As shown in FIG. 8F, the second photoresist 35 is removed after the dry etching, and therefore the first light shielding portion 17 and the second light shielding portion 18 are formed.

In this manner, first, the light shielding film 31 having the lattice shape, and then the first light shielding portion 17 and the second light shielding portion 18, which have a different thickness, may be formed.

A third method of manufacturing the first and second light shielding portions 17 and 18 will be described with reference to FIGS. 9A to 9C. FIG. 9A shows a plan view of a photoresist 46, FIG. 9B shows a cross-sectional view in the side direction, and FIG. 9C shows a cross-sectional view in the diagonal direction. A method of forming the light shielding film 31 is the same as FIG. 7A.

A photoresist 46 to form a photoresist 46 shown in FIGS. 9A to 9C on the light shielding film 31 includes a first resist 48 that is formed at each side portion of the pixel region and has a constant thickness, and a second resist 49 that is formed at each corner portion of the pixel region and has a thickness smaller than that of the first resist 48. The first and second light shielding portions 17 and 18 are formed by using the photoresist 46 as a mask and by adjusting a dry etching condition (etching selection ratio of the photoresist 46 and the light shielding film 31) of the light shielding film 31. Therefore, it is possible to form the first light shielding portion 17 and the second light shielding portion 18, which have a different thickness, by one time of dry etching.

Next, a fourth method of manufacturing the first light shielding portion 17 and the second light shielding portion 18 will be described with reference to FIGS. 10A to 10C. This fourth manufacturing method is different from the first to third manufacturing methods in that protrusion portion 40 is formed before forming the light shielding film 31.

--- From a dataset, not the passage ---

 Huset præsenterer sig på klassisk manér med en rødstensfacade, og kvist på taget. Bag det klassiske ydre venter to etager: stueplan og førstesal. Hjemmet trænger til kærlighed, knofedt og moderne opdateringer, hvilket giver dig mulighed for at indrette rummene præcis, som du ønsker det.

(a) of FIGS. 10A to 10C shows a plan view when the pixel region is viewed from a direction in which the microlens is to be formed, (b) of FIGS. 10A to 10C shows a cross-sectional view of the pixel region in the side direction (a-a′ direction in FIG. 10A), and (c) of FIGS. 10A to 10C shows a cross-sectional view of the pixel region in the diagonal direction (b-b′ direction in FIG. 10A). Broken lines in FIGS. 10A to 10C represent boundaries of the pixel region.

First, the protrusion portion 40 is formed on the substrate 11 in which the pixel portion 3 is formed (refer to FIG. 10A). The protrusion portion 40 is formed of, for example, a silicon oxide film or the like. The protrusion portion 40 is formed in a rectangular parallelepiped shape having a constant thickness at each side portion of the pixel region on the substrate 11.

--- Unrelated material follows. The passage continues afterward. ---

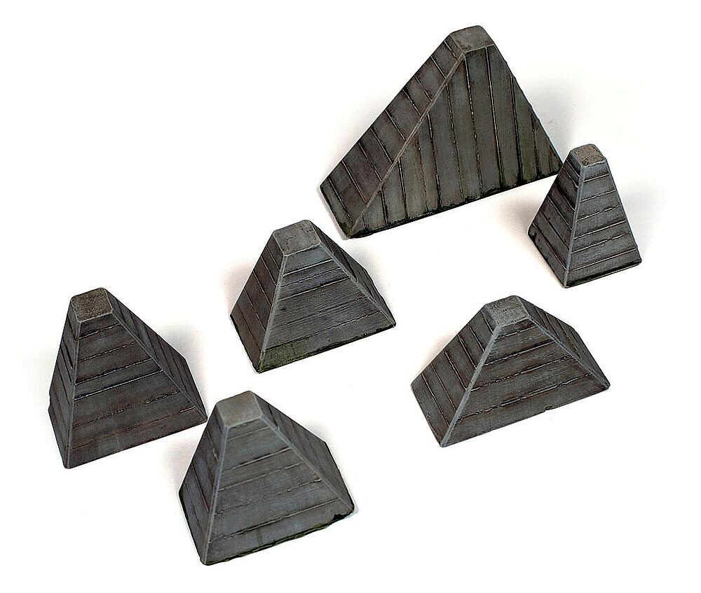 6 Verschiedene Panzer-Barrieren wie sie im 2. Weltkrieg in Europa verwendet wurden. Nicht coloriert. Ideal für den Dioramenbau.

Next, the insulation film 30 is formed on the substrate 11 and the protrusion portion 40 (refer to FIG. 10B). After forming the insulation film 30, the insulation film 30 formed at an inner side of the pixel region is removed (refer to FIG. 10C).

In this manner, the first light shielding portion 17, which has the thickness equal to the thickness of the protrusion portion 40 and the thickness of the light shielding film 31, is formed at the side portion of the pixel region, and the second light shielding portion 18, which has the same thickness as the light shielding film 31, is formed at each corner portion of pixel region.

The color filter 15 is formed after the first and second light shielding portions 17 and 18 are formed by the first to fourth methods. Hereinafter, an example of a method of forming the color filter 15 will be described with reference to FIGS. 11A to 11E. (a) of FIGS. 11A to 11E shows a cross-sectional view of the pixel region in the side direction, and (b) of FIGS. 11A to 11E shows a cross-sectional view of the pixel region in the diagonal direction.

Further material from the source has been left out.